Task prompt. Retype word for word the stretch of entries below from the line that has "Slika 15. Hvataljke za bale u radu" through the line that has "Fig. 4. Pavaj din lespezi", and omit the pictures.

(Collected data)
——————————

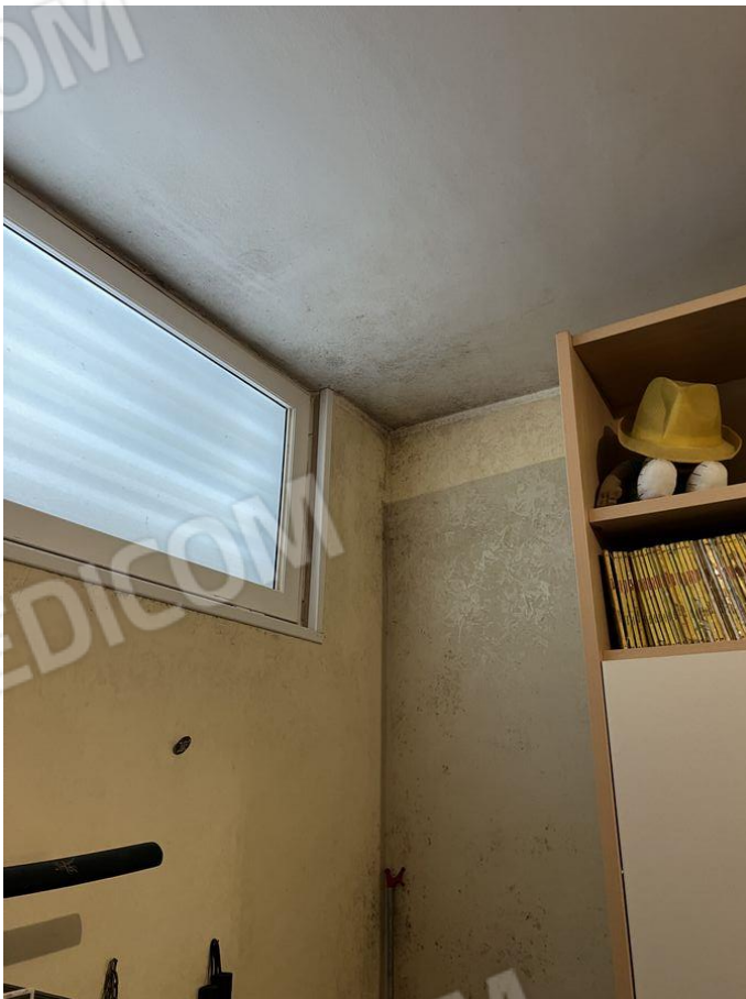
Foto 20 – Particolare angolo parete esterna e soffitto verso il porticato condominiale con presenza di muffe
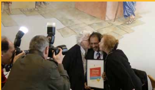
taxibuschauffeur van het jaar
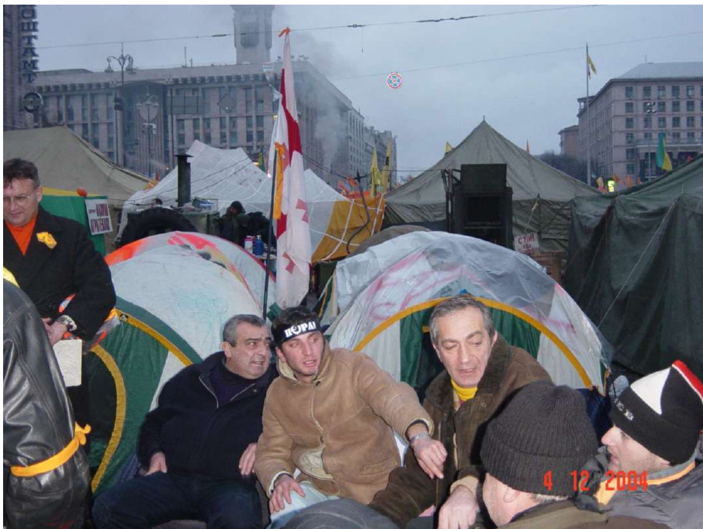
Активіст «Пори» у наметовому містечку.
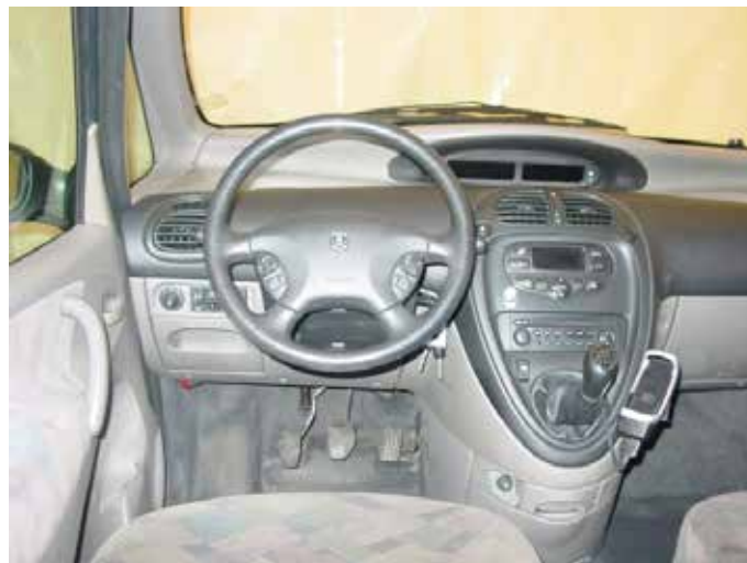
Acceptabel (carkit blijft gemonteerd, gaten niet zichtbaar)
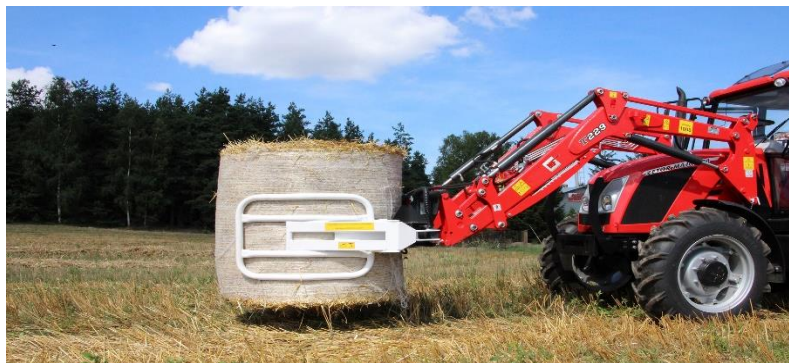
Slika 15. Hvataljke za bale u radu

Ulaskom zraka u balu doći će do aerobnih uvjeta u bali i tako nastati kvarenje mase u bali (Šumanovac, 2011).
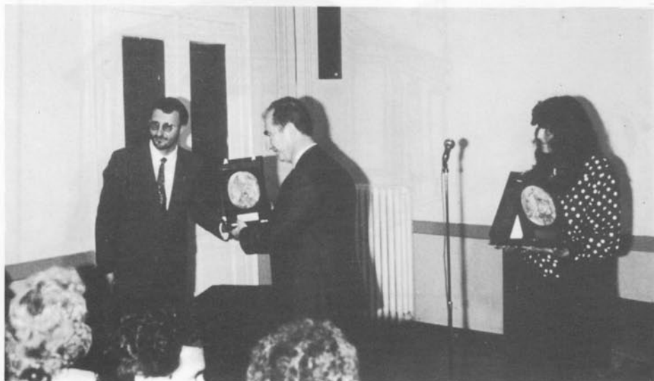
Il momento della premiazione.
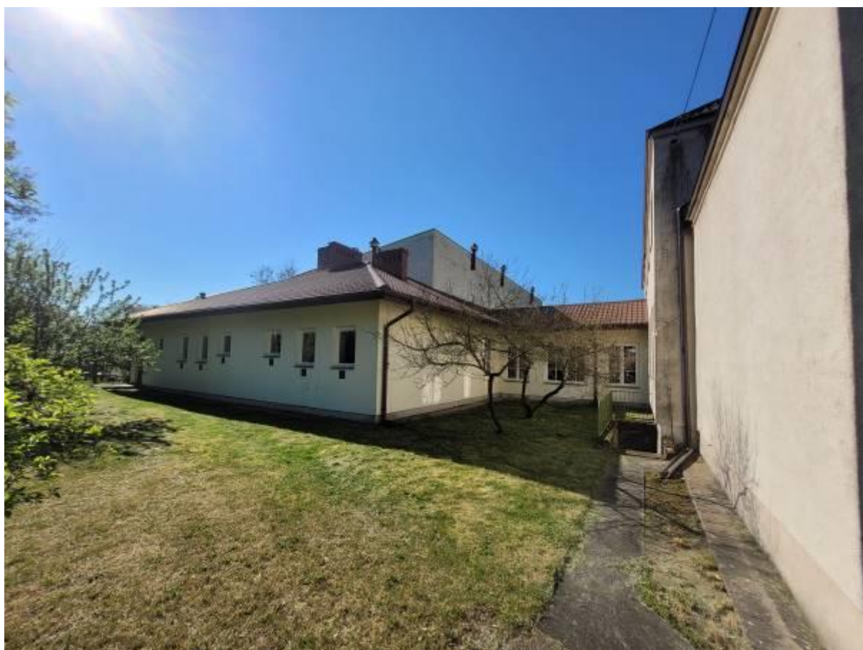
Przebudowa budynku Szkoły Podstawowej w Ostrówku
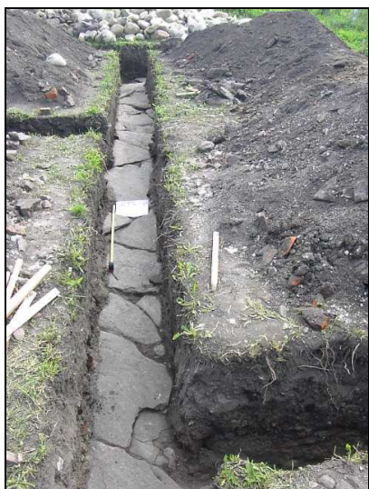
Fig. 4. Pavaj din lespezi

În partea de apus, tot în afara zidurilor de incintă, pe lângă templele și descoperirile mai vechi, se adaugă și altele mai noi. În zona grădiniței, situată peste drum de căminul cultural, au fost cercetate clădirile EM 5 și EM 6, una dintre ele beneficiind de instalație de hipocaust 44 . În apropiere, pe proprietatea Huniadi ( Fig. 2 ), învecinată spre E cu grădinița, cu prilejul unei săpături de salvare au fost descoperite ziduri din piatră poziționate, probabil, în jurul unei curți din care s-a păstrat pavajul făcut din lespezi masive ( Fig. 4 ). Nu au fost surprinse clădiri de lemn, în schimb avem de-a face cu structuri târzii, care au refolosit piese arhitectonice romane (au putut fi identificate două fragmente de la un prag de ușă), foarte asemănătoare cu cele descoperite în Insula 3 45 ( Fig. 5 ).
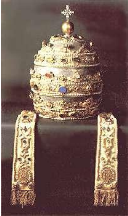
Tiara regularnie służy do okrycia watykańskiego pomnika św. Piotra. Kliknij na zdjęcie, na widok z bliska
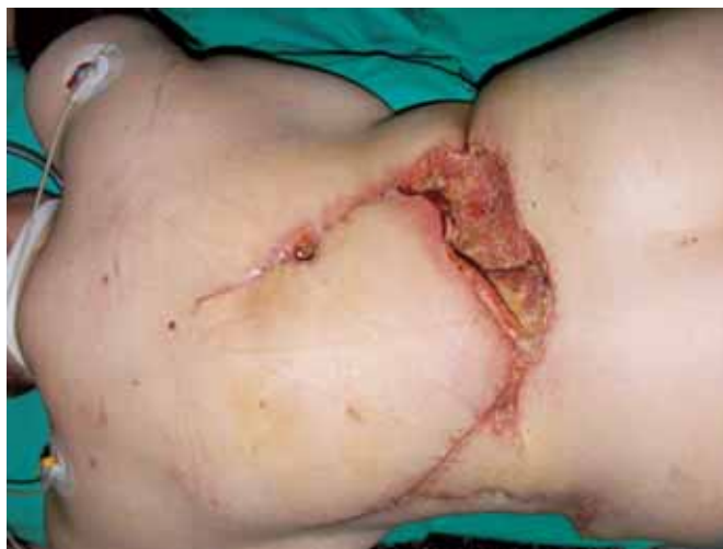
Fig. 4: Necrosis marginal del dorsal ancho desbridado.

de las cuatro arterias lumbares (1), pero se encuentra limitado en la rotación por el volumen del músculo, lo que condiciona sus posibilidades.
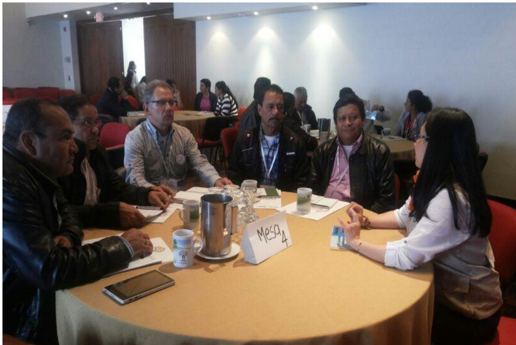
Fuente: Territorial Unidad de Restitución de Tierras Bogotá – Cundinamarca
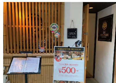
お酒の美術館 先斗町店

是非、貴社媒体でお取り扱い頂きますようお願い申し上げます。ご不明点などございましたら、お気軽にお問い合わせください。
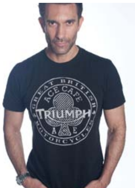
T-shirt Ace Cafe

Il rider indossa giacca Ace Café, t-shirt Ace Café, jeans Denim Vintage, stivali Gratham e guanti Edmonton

——————————

Worked solution.
Slika 15. Hvataljke za bale u radu

Ulaskom zraka u balu doći će do aerobnih uvjeta u bali i tako nastati kvarenje mase u bali (Šumanovac, 2011).
Il momento della premiazione.
Przebudowa budynku Szkoły Podstawowej w Ostrówku
Fig. 4. Pavaj din lespezi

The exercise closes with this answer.